Records excerpted from a collection
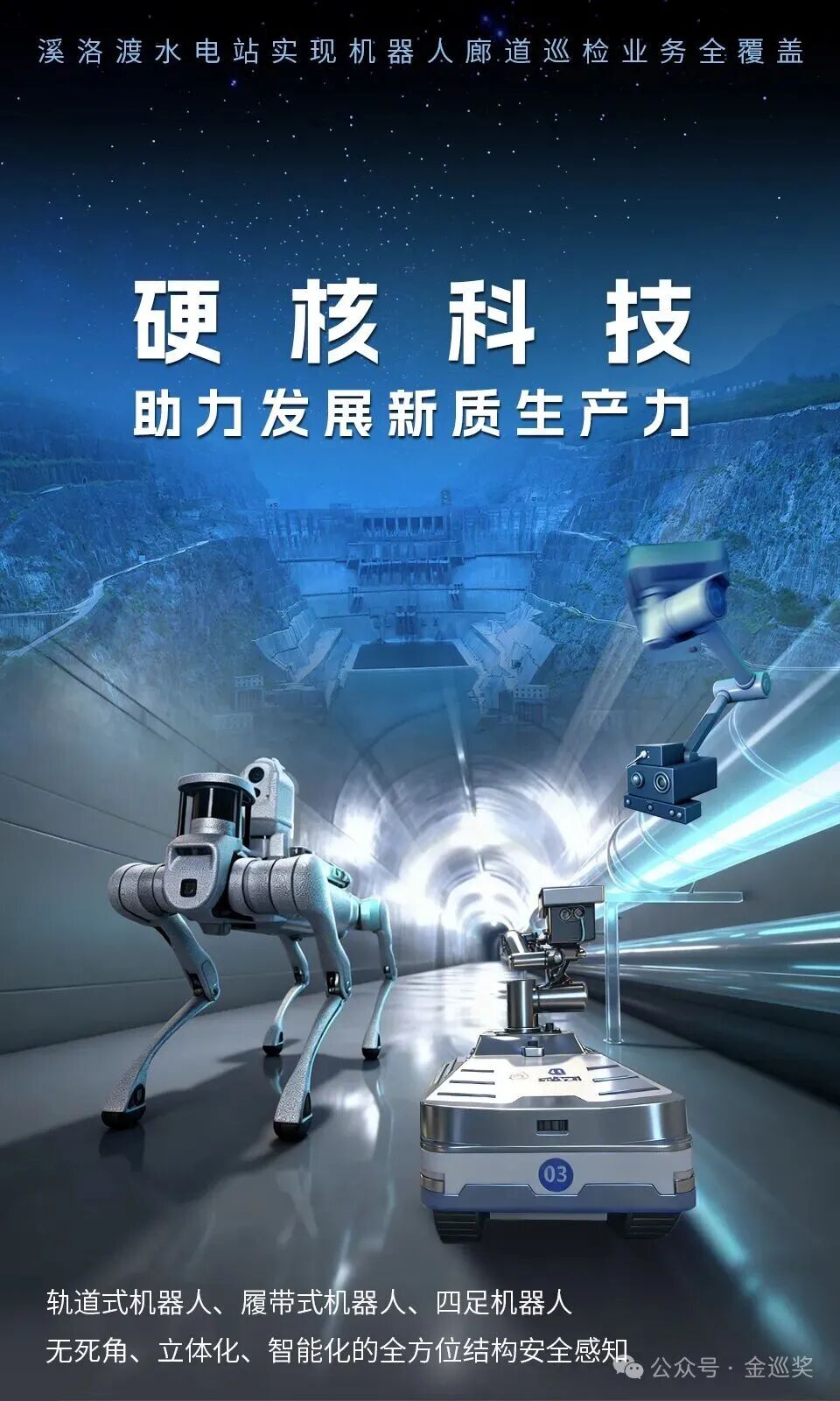 该电站拥有超大规模地下洞室群,大坝廊道总长超5公里,水垫塘廊道总长超3公里,其中水垫塘廊道呈网状结构,且存在45度爬坡,对廊道运维巡检人员体力、耐力要求较高。针对人工巡检的局限性和结构损伤的隐蔽性,溪洛渡电厂于2021年起,启动水垫塘及大坝廊道无人化巡检、多源感知、健康诊断、综合评价、管理体系等多方面关键技术研究。电厂借助巡检机器人、物联网等新技术,成功研制并投入4个轨道式机器人,3个履带式机器人,1个四足机器人,实现水垫塘及大坝廊道无死角、立体化、智能化的全方位结构安全感知。
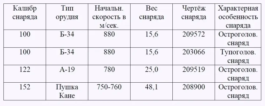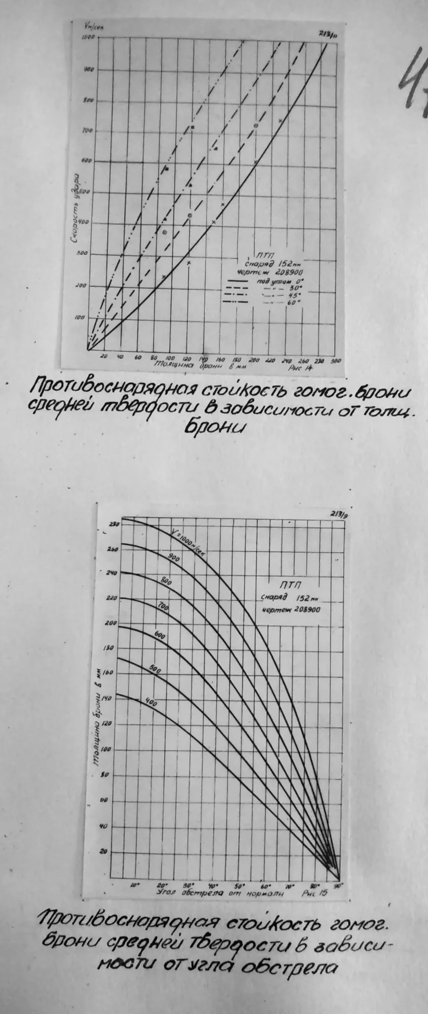 1) Бронепробивное действие немецких и отечественных снарядов крупного калибра (88–152 мм) по гомогенной броне средней твёрдости весьма эффективно лишь при обстреле по нормали или при небольших углах встречи от нее. При этих условиях испытания бронебойные снаряды при скоростях встречи с броней около 1000 м/сек. способны пробить броню толщиной в два с лишним раза превышающей калибр снаряда.
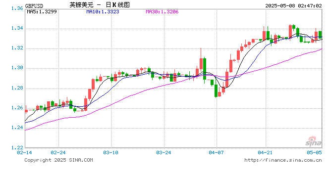 05月08日 英镑兑美元跌破1.3305 折算100英镑汇率兑964.2600人民币
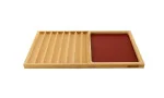 La Bandeja de Servicio para Puros adorini con Incrustación Roja es una forma elegante y práctica de presentar sus puros con estilo. Esta bandeja de alta calidad, hecha de madera de cedro, es perfecta para su uso en hoteles, bares, salones de puros o en hogares privados. La incrustación roja de cuero italiano liso protege sus accesorios para puros de arañazos y asegura un agarre firme. La bandeja cuenta con ocho ranuras que proporcionan espacio para los puros, los cuales también se pueden apilar. Acomoda todos los formatos de puros hasta una longitud de 18.5 cm y mide 34 x 19.5 x 1.3 cm. La bandeja de servicio adorini también está disponible sin la incrustación de cuero rojo en nuestra tienda.
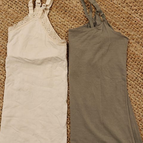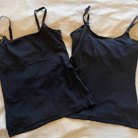Paljon käytetyt valkoinen ja musta imetystoppi. Valkoisen topin väri ei enää kaikkein kirkkain, sillä toppia on pesty kirjavan pyykin mukana. Siinä on myös jonkin verran tahraa.
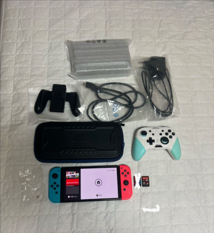 닌텐도스위치OLED 네온 스트랩 및 박스제외 풀구성 호환 컨트롤러+칩(nbk20)+보관파우치등 ⭕️24년제조⭕️ 전체적으로 생활기스 및 생활감 있습니다. 쏠림 및 오작동 일체없으며 왼쪽 조이콘 힘많이주면 걸쇠빠짐있습니다. 게임하는데에 있어서 크게 지장없습니다 수리안하고 그냥써도 무방하지만 예민하시면(메탈걸쇠증정)수리하시라고 증정합니다. 예민하신분은 패스해주세요 네고❌️❌️❌️ 택배거래만합니다. 택배거래시 4000추가 외부거래차단 중고나라 안전결제또는 ㄱㅈ거래만
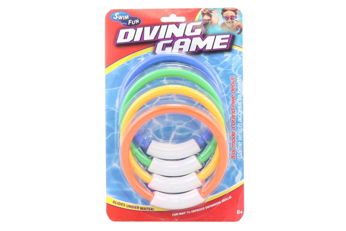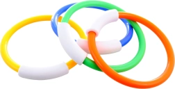 Convierte la natación en diversión y entrenamiento con este juego de 4 aros de buceo de colores. Al arrojarlos al agua, se hundEN automáticamente hasta el fondo y en el fondo se mantienen en posición vertical para facilitar su recogida. Ideales para el entrenamiento de natación y buceo y para jugar en la piscina de casa bajo la supervisión de un adulto.
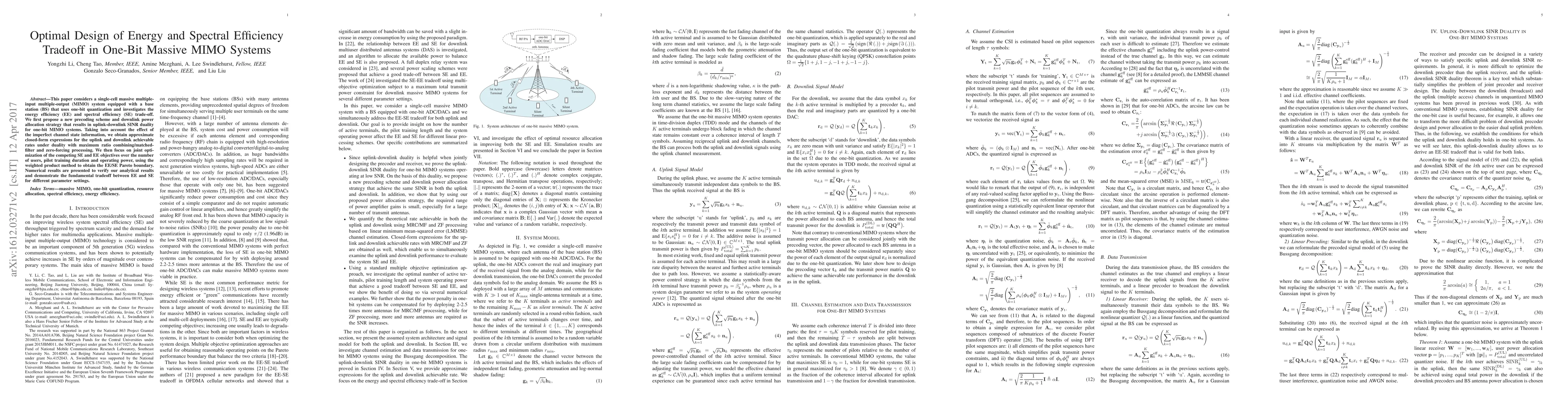 This paper proposes a precoding scheme and power allocation strategy for one-bit massive MIMO systems, enabling uplink-downlink SINR duality. It optimizes energy and spectral efficiency trade-offs through joint optimization of users, pilot training, and power, presenting analytical and numerical results to illustrate the EE/SE Pareto boundary.
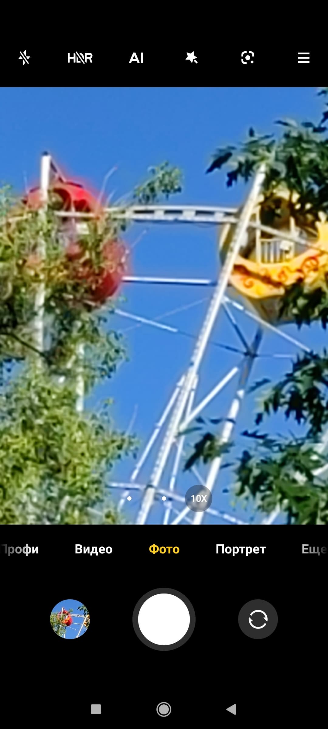 Оптического зума в системе камер нет, поскольку модуля с телеобъективом не установлено. Зум здесь лишь цифровой, максимальное увеличение — 10×.
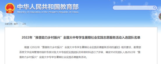 曲阜师大新闻中心讯(通讯员:冯萌萌) 7月6日,教育部发布《2022年“推普助力乡村振兴”全国大中专学生暑期社会实践志愿服务活动入选团队名单》,由华体会官方网文学院团委、华体会官方网国家语言文字推广基地组织选送的一支团队成功入选。
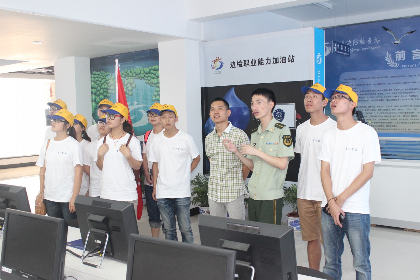 7月11日上午,太阳成集团tyc9728“阳光边检”暑期社会实践队在台州边检站领导的带领下,参观了台州边防检查总站职业文化中心和历史发展馆。
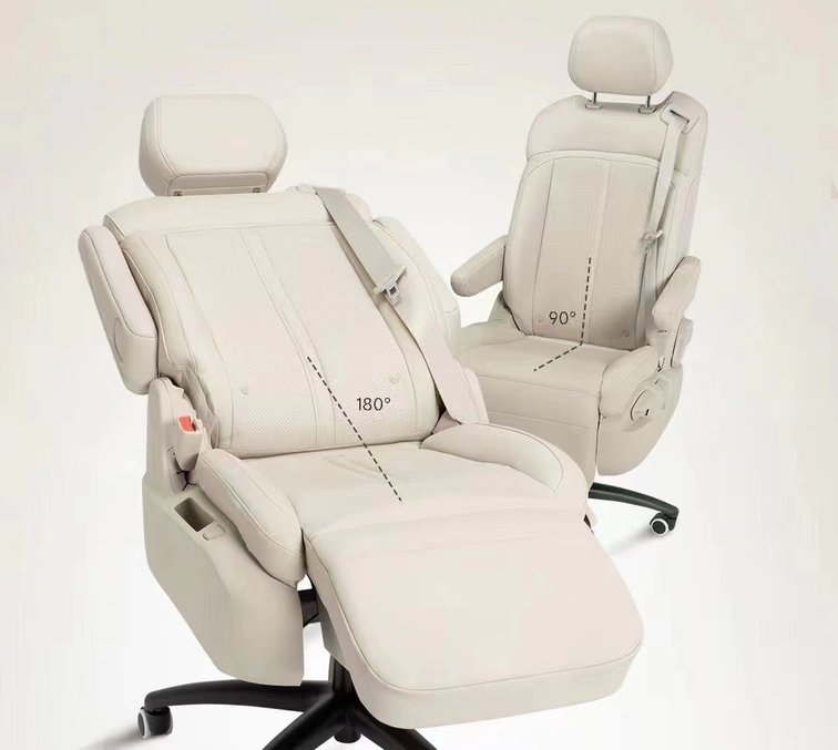 官方称,这是全球首款车规级头等舱座椅,从外形来看我们不难猜测其来自五菱凯捷的第二排,支持靠背角度调节,拥有独立的扶手以及腿拖,甚至还保留了安全带。
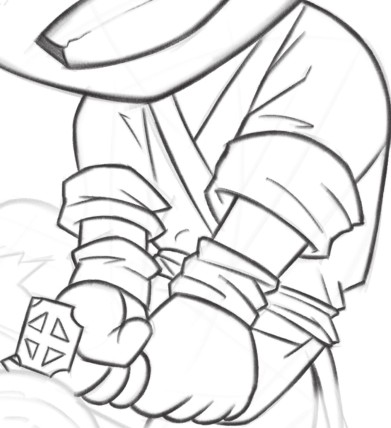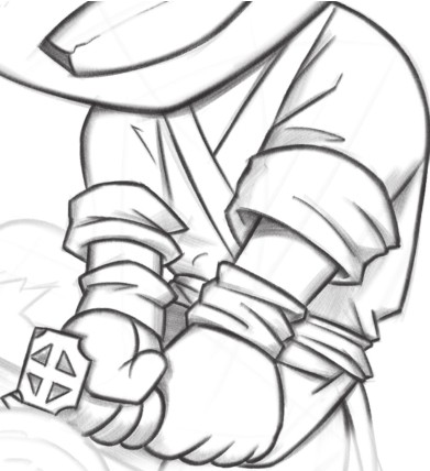 因为透视关系,右肩比左肩看起来小;衣袖挽起的表现要正确,腰带不是简单的样式,而是有褶皱变化的;注意双手握住锯把的动作要把握准确。
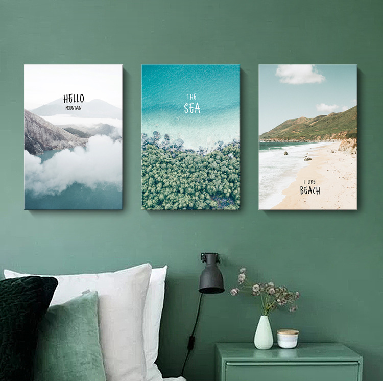 現代シンプルな北欧装飾画三連水彩風景玄関客間ホテルマンション掛け絵卸売り
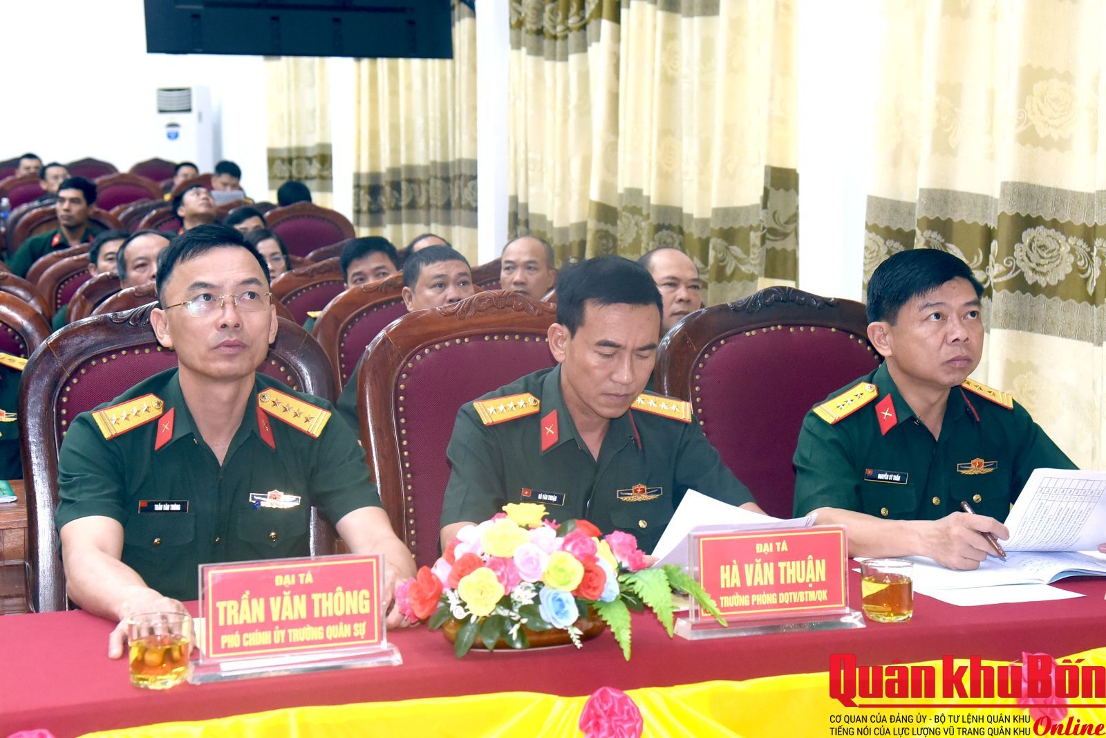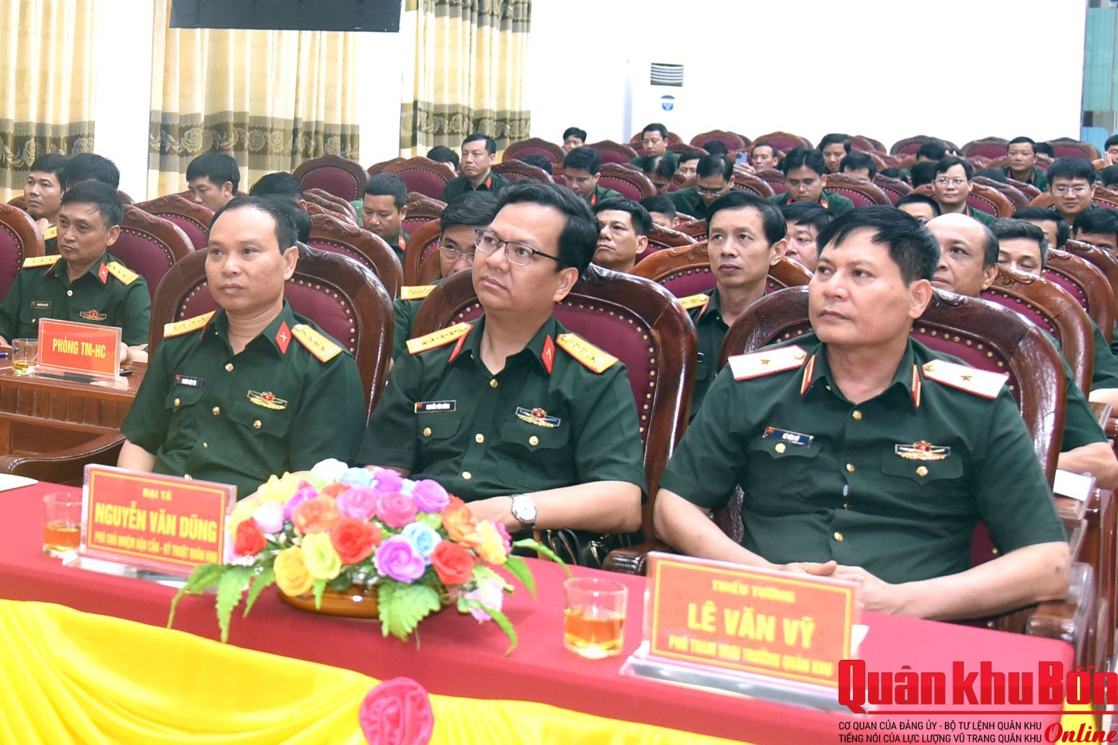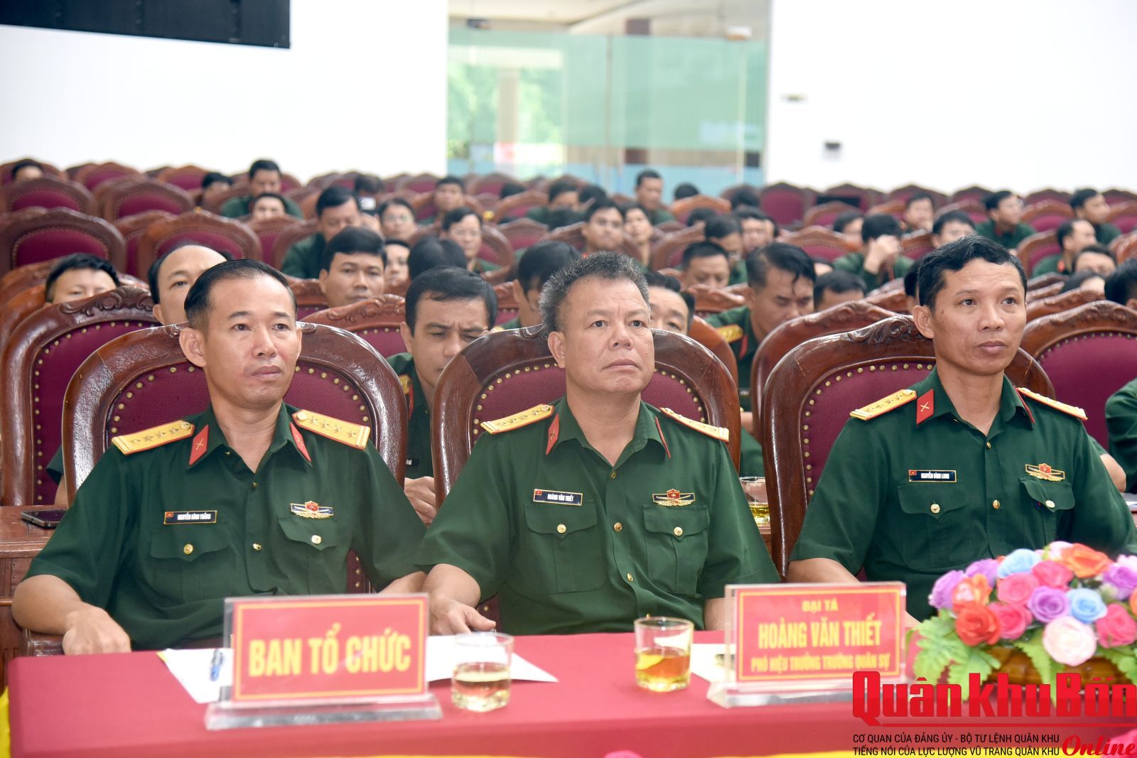 Ngoài ra, các học viên còn được huấn luyện và thực hành bắn súng ngắn K54 bài 1b; luyện tập một số nội dung cơ chế diễn tập tác chiến cấp xã trong khu vực phòng thủ; tham quan, nghiên cứu thực tế tại Lữ đoàn Công binh 414. Ban Giám hiệu Nhà trường tổ chức thông tin thời sự về tình hình thế giới, khu vực, trong nước, Quân đội và Quân khu thời gian qua, góp phần nâng cao tư duy, tầm nhìn chiến lược cho các học viên... Cuối khóa các học viên viết thu hoạch theo chuyên đề. Kết quả 100% học viên đạt khá, giỏi; trong đó 40,8% giỏi.

| Task to carry out |
Begin at the top of the records above and retype each line exactly until the line containing "La Bandeja de Servicio para", which is included. Skip all pictures.

| Solved exercise |
 该电站拥有超大规模地下洞室群,大坝廊道总长超5公里,水垫塘廊道总长超3公里,其中水垫塘廊道呈网状结构,且存在45度爬坡,对廊道运维巡检人员体力、耐力要求较高。针对人工巡检的局限性和结构损伤的隐蔽性,溪洛渡电厂于2021年起,启动水垫塘及大坝廊道无人化巡检、多源感知、健康诊断、综合评价、管理体系等多方面关键技术研究。电厂借助巡检机器人、物联网等新技术,成功研制并投入4个轨道式机器人,3个履带式机器人,1个四足机器人,实现水垫塘及大坝廊道无死角、立体化、智能化的全方位结构安全感知。
 1) Бронепробивное действие немецких и отечественных снарядов крупного калибра (88–152 мм) по гомогенной броне средней твёрдости весьма эффективно лишь при обстреле по нормали или при небольших углах встречи от нее. При этих условиях испытания бронебойные снаряды при скоростях встречи с броней около 1000 м/сек. способны пробить броню толщиной в два с лишним раза превышающей калибр снаряда.
 05月08日 英镑兑美元跌破1.3305 折算100英镑汇率兑964.2600人民币
 La Bandeja de Servicio para Puros adorini con Incrustación Roja es una forma elegante y práctica de presentar sus puros con estilo. Esta bandeja de alta calidad, hecha de madera de cedro, es perfecta para su uso en hoteles, bares, salones de puros o en hogares privados. La incrustación roja de cuero italiano liso protege sus accesorios para puros de arañazos y asegura un agarre firme. La bandeja cuenta con ocho ranuras que proporcionan espacio para los puros, los cuales también se pueden apilar. Acomoda todos los formatos de puros hasta una longitud de 18.5 cm y mide 34 x 19.5 x 1.3 cm. La bandeja de servicio adorini también está disponible sin la incrustación de cuero rojo en nuestra tienda.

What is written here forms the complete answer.